• _Your objective_
Word for word, transcribe every line from the one holding "Les coureurs partiront" through the end of the records, but not the pictures.

• _Records provided_
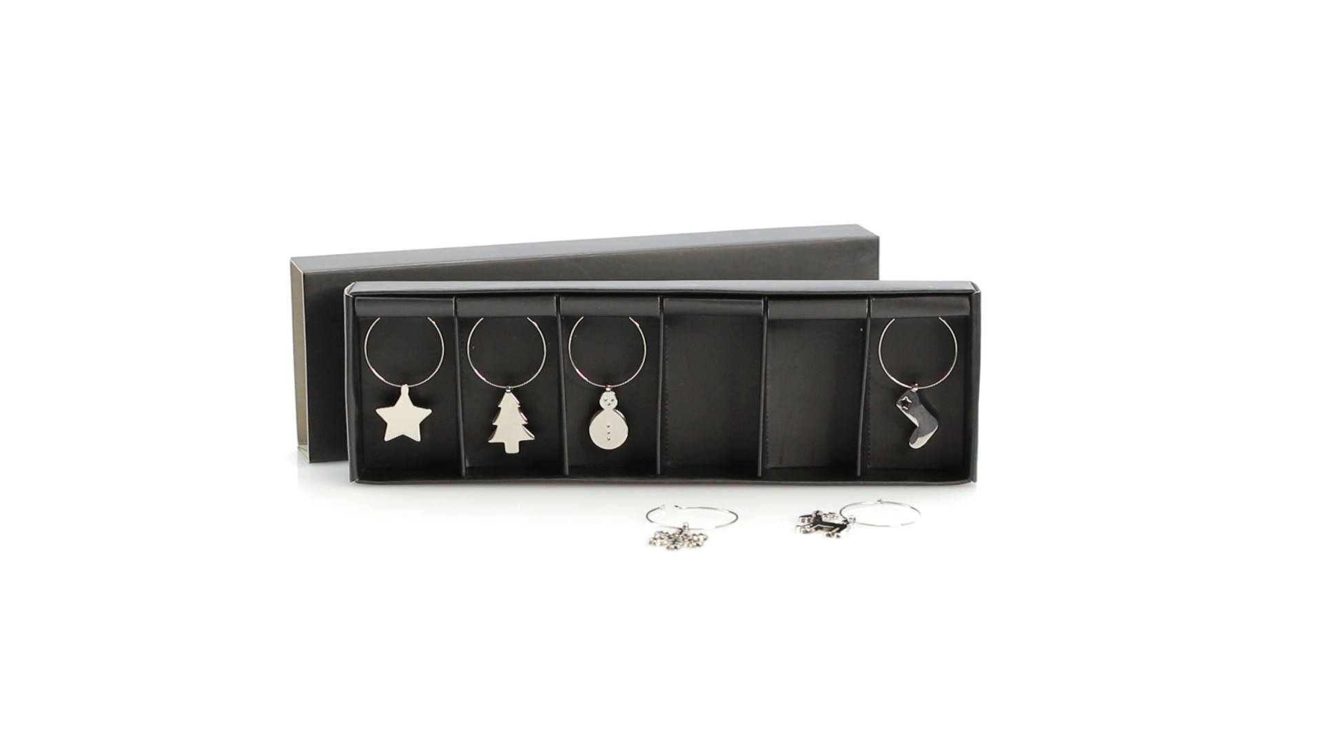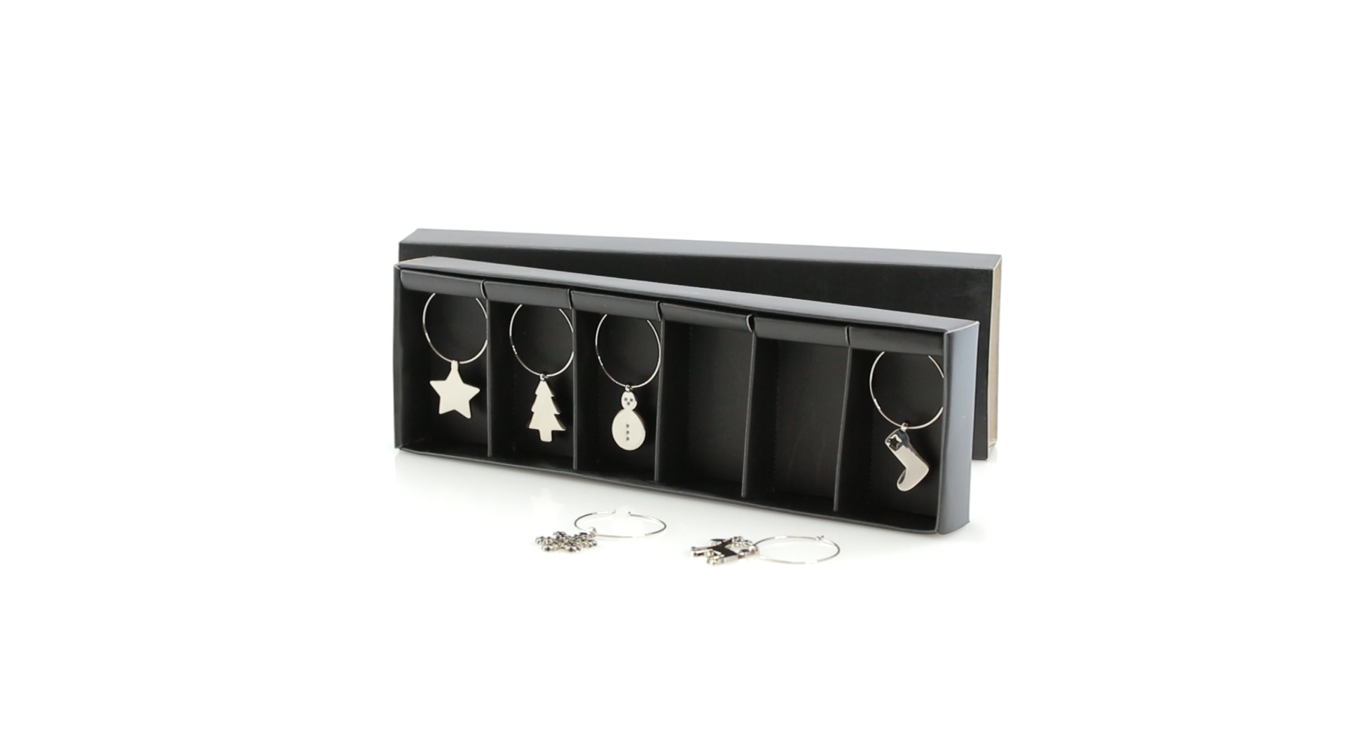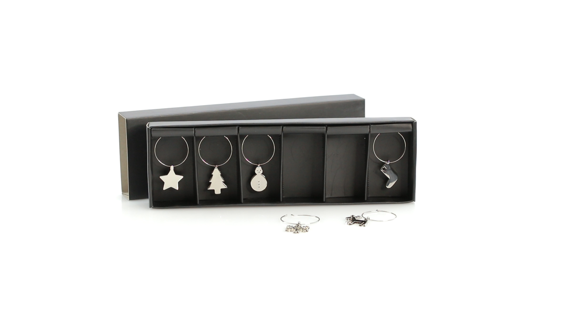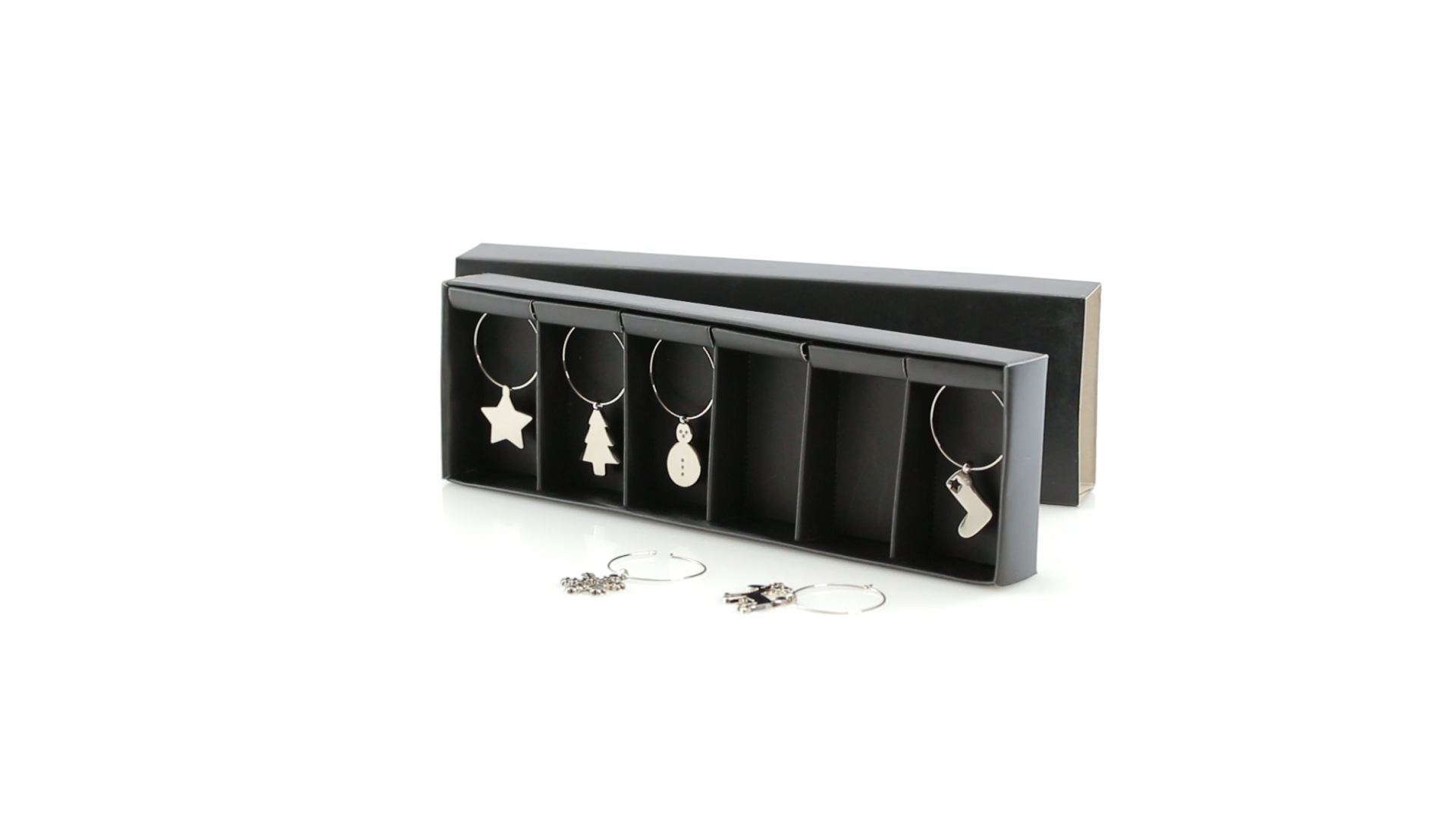 Glasmarkierer aus Metall mit 6 verschiedenen Weihnachtsmotiven in glänzender Metallic-Ausführung. Präsentiert in einer Schachtel mit einzelnen Fächern.
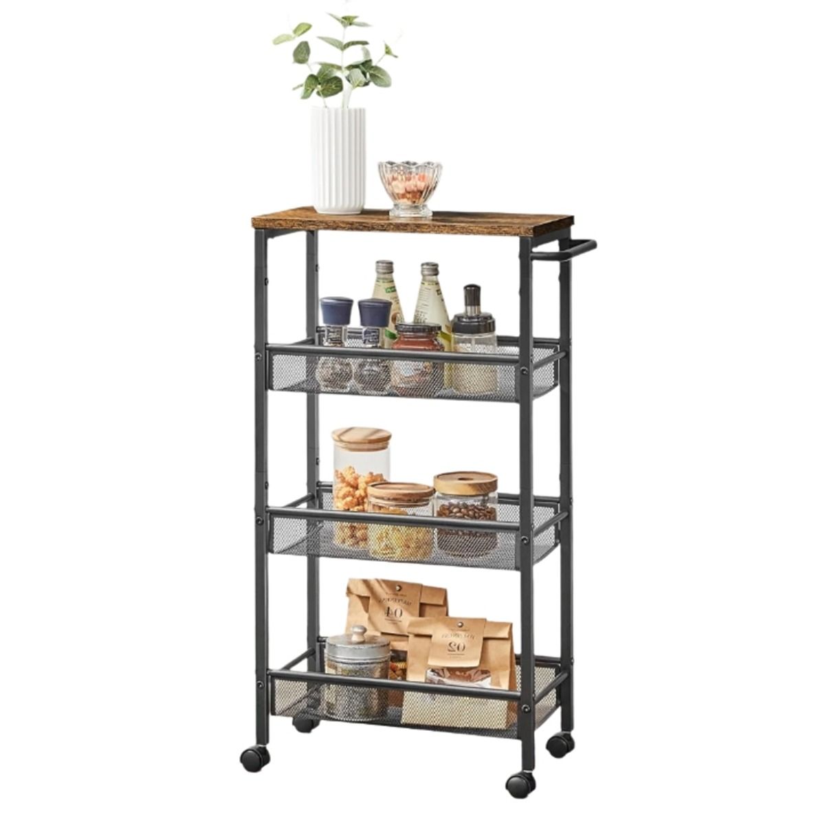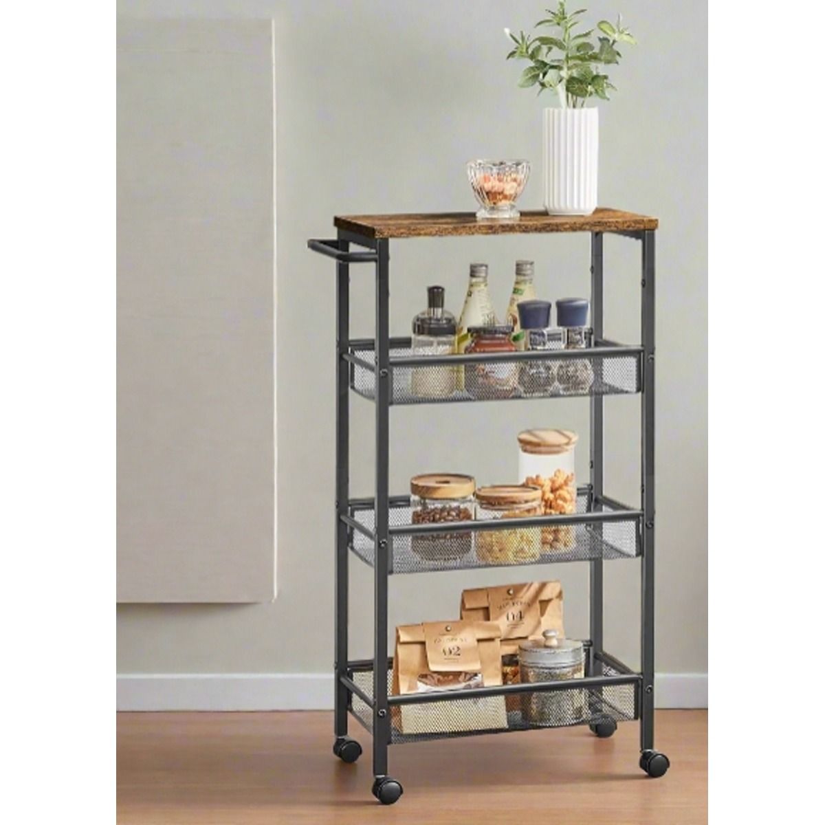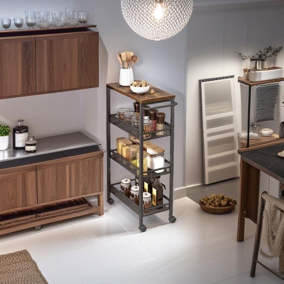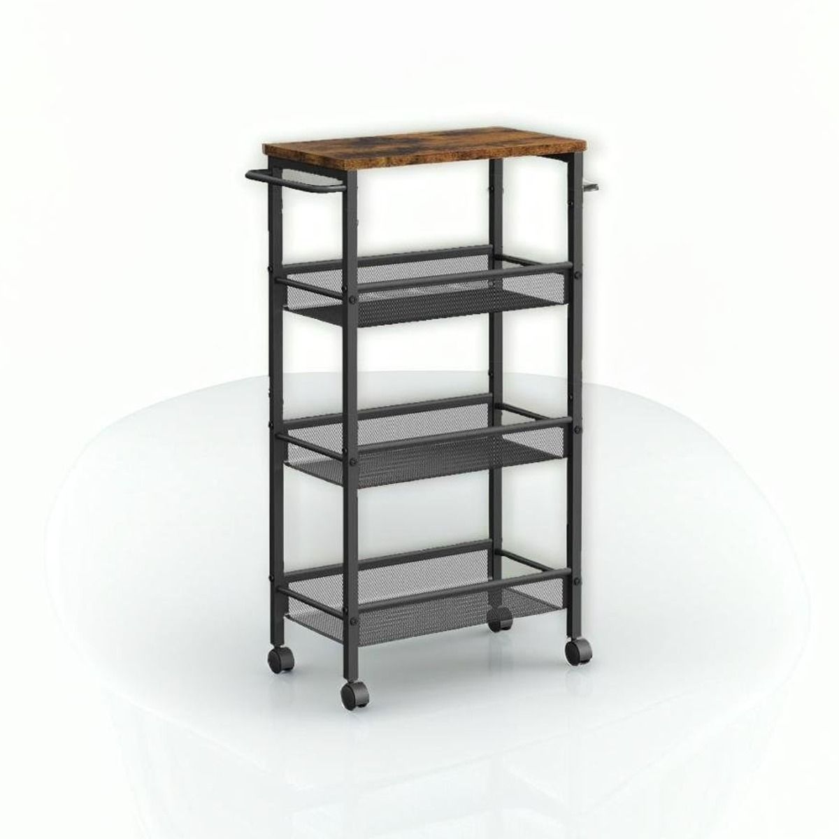 GALVION Kitchen Trolley Slim 4-Shelf Rolling Cart with Wheels - Rustic Brown and Black
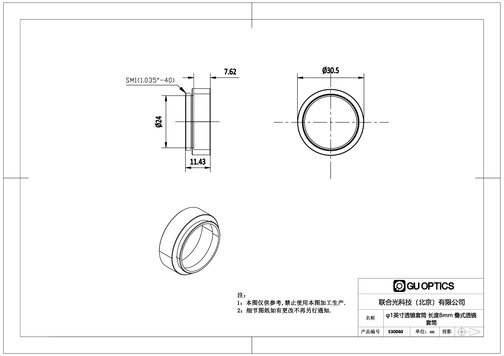 φ1英寸透镜套筒 长度8mm 叠式透镜套筒
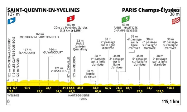 Les coureurs partiront de Montigny-le-Bretonneux, dans la commune de Saint-Quentin-en-Yvelines, au sud-ouest de Paris. Les coureurs approchent de la capitale française comme s’ils pédalaient vers la plage. Une coupe de champagne, une séance photo, un rythme très lent, tels sont les ingrédients de l’étape de parade de la dernière journée d’action. Mais dès que les coureurs s’engagent sur les pavés des Champs-Élysées, le peloton accélère. L’étape se termine par huit tours rapides de près de 7 kilomètres.
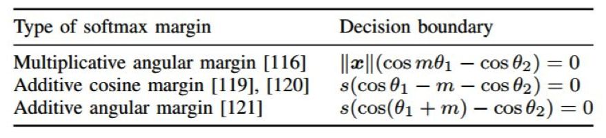 如图 8 所示,这个余量可以有效地增大类别之间的区分程度以及各自类别之内的紧凑性。根据将该余量整合进损失的方式,研究者们已经提出了多种可用方法 [116,119-121]。比如 [116] 中对权重向量进行了归一化以具有单位范数,这样使得决策边界仅取决于角度 θ_1 和 θ_2。[119,120] 中则提出了一种加性余弦余量。相比于乘法余量 [135,116],加性余量更容易实现和优化。在这项工作中,除了归一化权重向量,特征向量也如 [115] 中一样进行了归一化和比例调整。[121] 中提出了另一种加性余量,它既有 [119,120] 那样的优点,还有更好的几何解释方式,因为这个余量是加在角度上的,而不是余弦上。表 2 总结了有余量的 softmax 损失的不同变体的决策边界。这些方法是人脸识别领域的当前最佳。
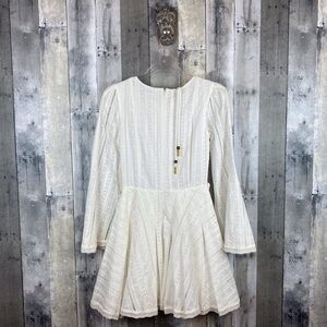 Tulrosea Nicole Embroidered Tie Waist Dress in White Size XXS New!
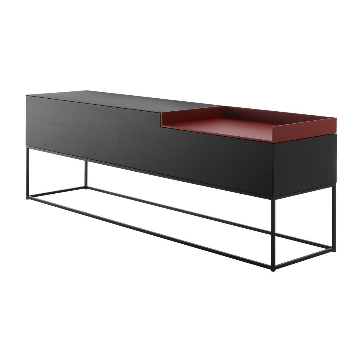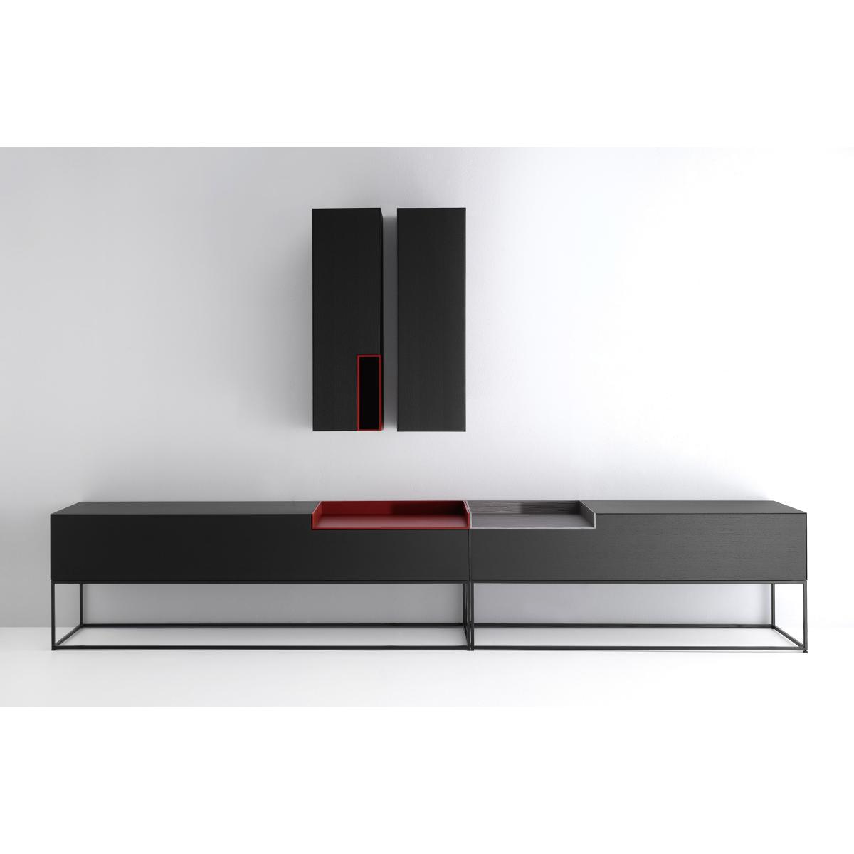 Sober and distinguished mind for Inmotion sideboard. Graphic and design, functional and practical, it fits in any room: living room, office, bedroom or entrance. MDF medium density, it has a drop down one-piece door. The compartments are large, handy for storing all your daily business. The bin, in grey stained wood contrasts with the set and brings a touch of refinement. The end base in steel and coordinated tinted color breathes great visual lightness. Between architecture and design, this very graphic sideboard immediately captures attention.
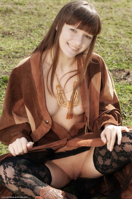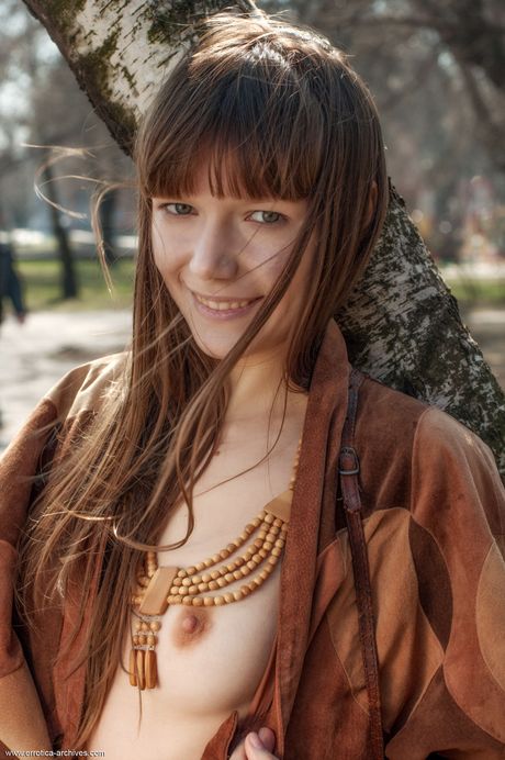 Errotica Archives: Långhårig tonåring röd Eva avslöjar hennes bröst och twat på ett offentligt torg

• _Solved problem_
 Les coureurs partiront de Montigny-le-Bretonneux, dans la commune de Saint-Quentin-en-Yvelines, au sud-ouest de Paris. Les coureurs approchent de la capitale française comme s’ils pédalaient vers la plage. Une coupe de champagne, une séance photo, un rythme très lent, tels sont les ingrédients de l’étape de parade de la dernière journée d’action. Mais dès que les coureurs s’engagent sur les pavés des Champs-Élysées, le peloton accélère. L’étape se termine par huit tours rapides de près de 7 kilomètres.
 如图 8 所示,这个余量可以有效地增大类别之间的区分程度以及各自类别之内的紧凑性。根据将该余量整合进损失的方式,研究者们已经提出了多种可用方法 [116,119-121]。比如 [116] 中对权重向量进行了归一化以具有单位范数,这样使得决策边界仅取决于角度 θ_1 和 θ_2。[119,120] 中则提出了一种加性余弦余量。相比于乘法余量 [135,116],加性余量更容易实现和优化。在这项工作中,除了归一化权重向量,特征向量也如 [115] 中一样进行了归一化和比例调整。[121] 中提出了另一种加性余量,它既有 [119,120] 那样的优点,还有更好的几何解释方式,因为这个余量是加在角度上的,而不是余弦上。表 2 总结了有余量的 softmax 损失的不同变体的决策边界。这些方法是人脸识别领域的当前最佳。
 Tulrosea Nicole Embroidered Tie Waist Dress in White Size XXS New!
 Sober and distinguished mind for Inmotion sideboard. Graphic and design, functional and practical, it fits in any room: living room, office, bedroom or entrance. MDF medium density, it has a drop down one-piece door. The compartments are large, handy for storing all your daily business. The bin, in grey stained wood contrasts with the set and brings a touch of refinement. The end base in steel and coordinated tinted color breathes great visual lightness. Between architecture and design, this very graphic sideboard immediately captures attention.
 Errotica Archives: Långhårig tonåring röd Eva avslöjar hennes bröst och twat på ett offentligt torg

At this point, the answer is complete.